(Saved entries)
▬▬▬

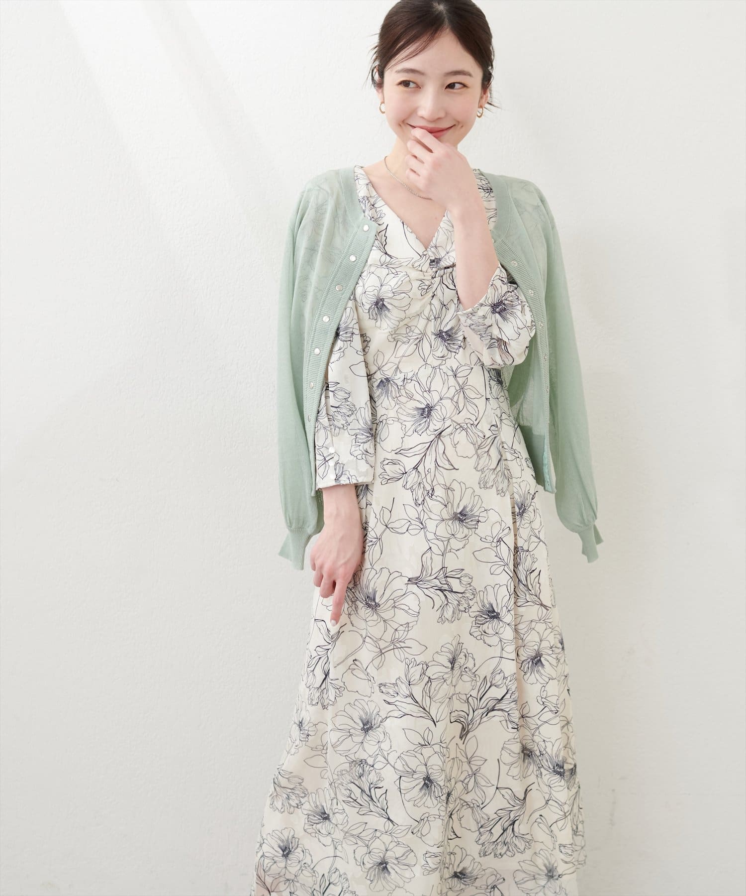 ベーシックなクルーネックカーディガンなので、ノースリーブや半袖の羽織にはもちろん、
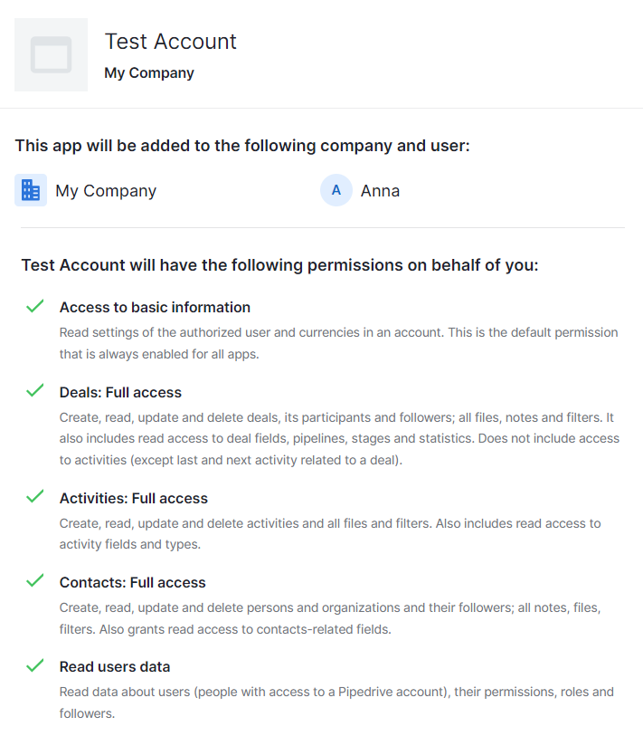 4. Откроется список разрешений, необходимых для работы интеграции. АТС запрашивает доступ к базовой информации об авторизованных в Pipedrive пользователях, сделкам, активностям, контактам, лидам, администрированию аккаунта, возможности прослушивать записи звонков, информации о правах пользователей и т.д.
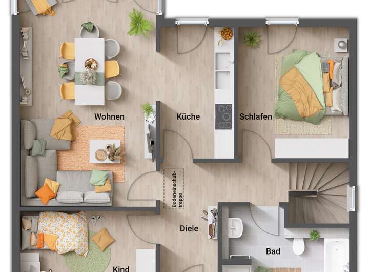 Ihr Haus wird schlüsselfertig übergeben, d.h. Sie gestalten nur noch die Innenwände in Ihrer Lieblingsfarbe und verlegen die übrigen Bodenbeläge!
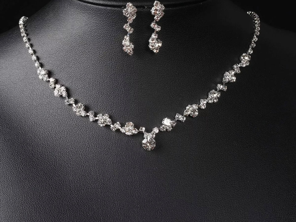 Silver Set Rhinestone Wedding Crystal Necklace Earrings Drop Dangle set
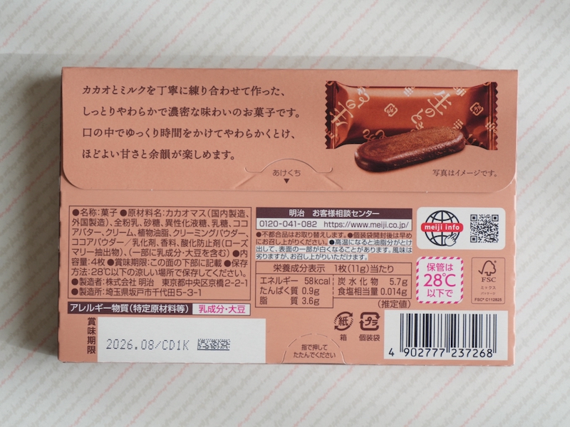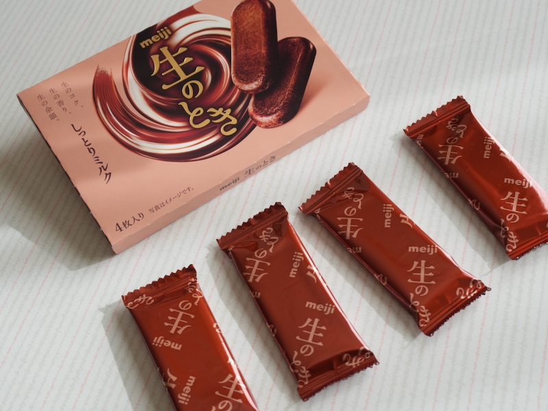 「生のとき」は明治独自の特許製法「生ねり製法」で作られています。普通のチョコが“混ぜて整える”イメージだとしたら、こちらは“練って密度を作る”感じ。食べる側に伝わるのは、口どけの良さというより、じわじわほどけていく粘度です。
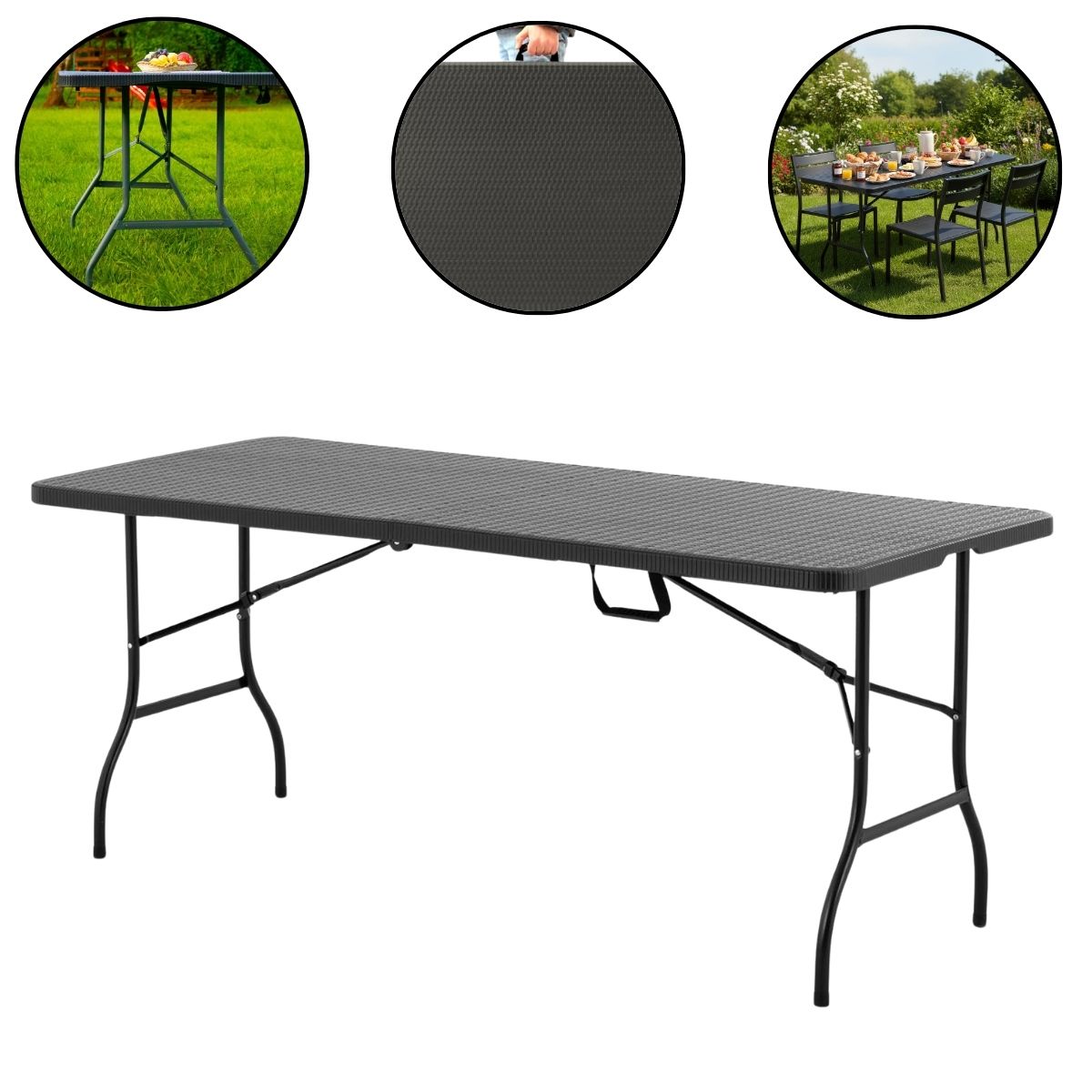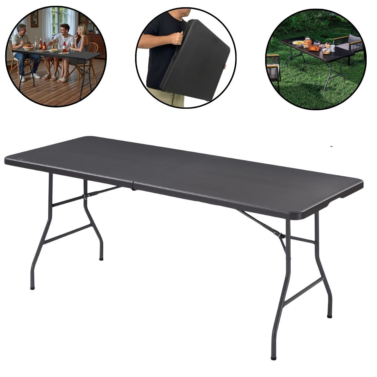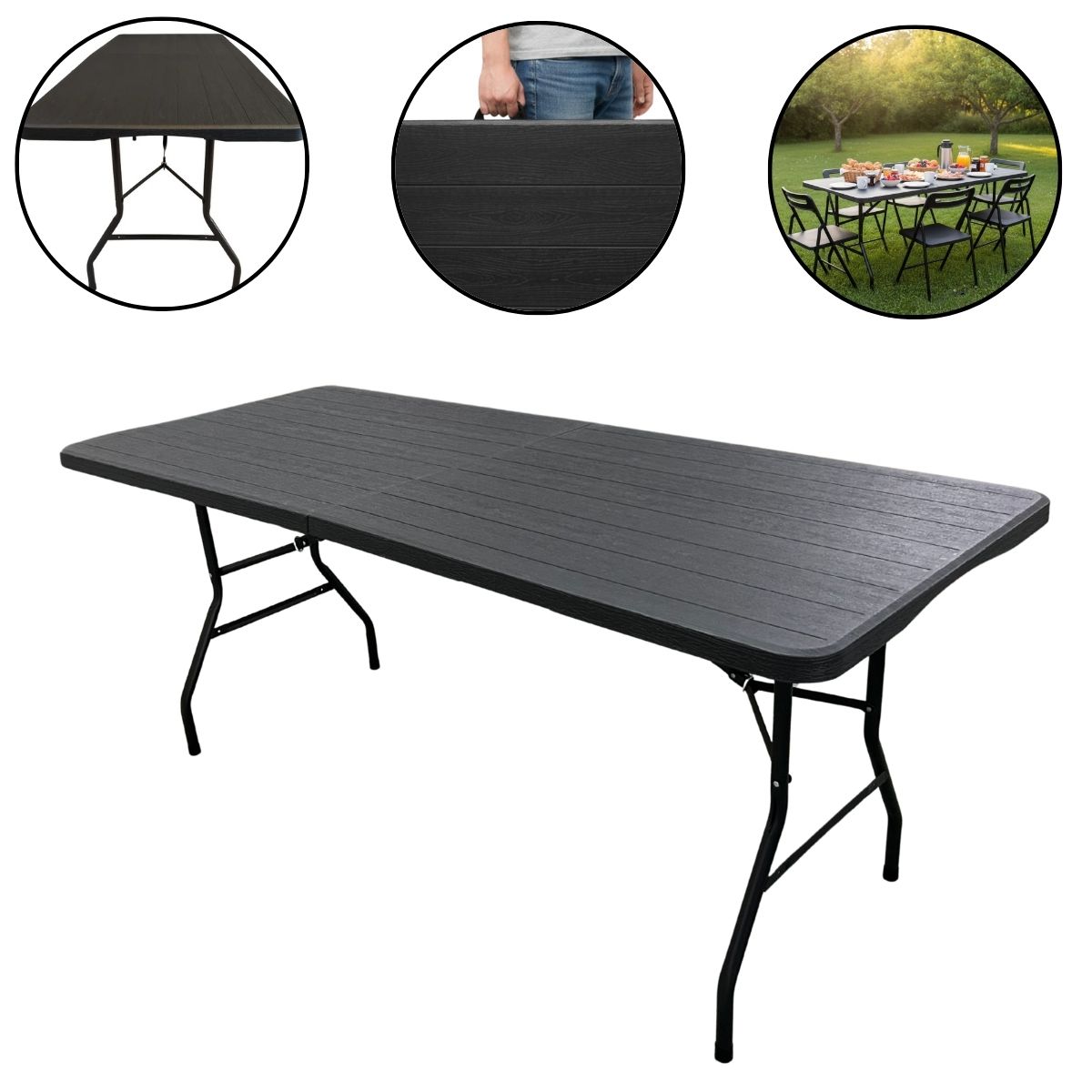 Mesa Camping Dobrável Vira Maleta 1,80.X 0,73M Preto – IWCAM008PT

▬▬▬

Skip the pictures and retype exactly the lines from the one that contains "4. Откроется список" to the last line of the records.

 4. Откроется список разрешений, необходимых для работы интеграции. АТС запрашивает доступ к базовой информации об авторизованных в Pipedrive пользователях, сделкам, активностям, контактам, лидам, администрированию аккаунта, возможности прослушивать записи звонков, информации о правах пользователей и т.д.
 Ihr Haus wird schlüsselfertig übergeben, d.h. Sie gestalten nur noch die Innenwände in Ihrer Lieblingsfarbe und verlegen die übrigen Bodenbeläge!
 Silver Set Rhinestone Wedding Crystal Necklace Earrings Drop Dangle set
 「生のとき」は明治独自の特許製法「生ねり製法」で作られています。普通のチョコが“混ぜて整える”イメージだとしたら、こちらは“練って密度を作る”感じ。食べる側に伝わるのは、口どけの良さというより、じわじわほどけていく粘度です。
 Mesa Camping Dobrável Vira Maleta 1,80.X 0,73M Preto – IWCAM008PT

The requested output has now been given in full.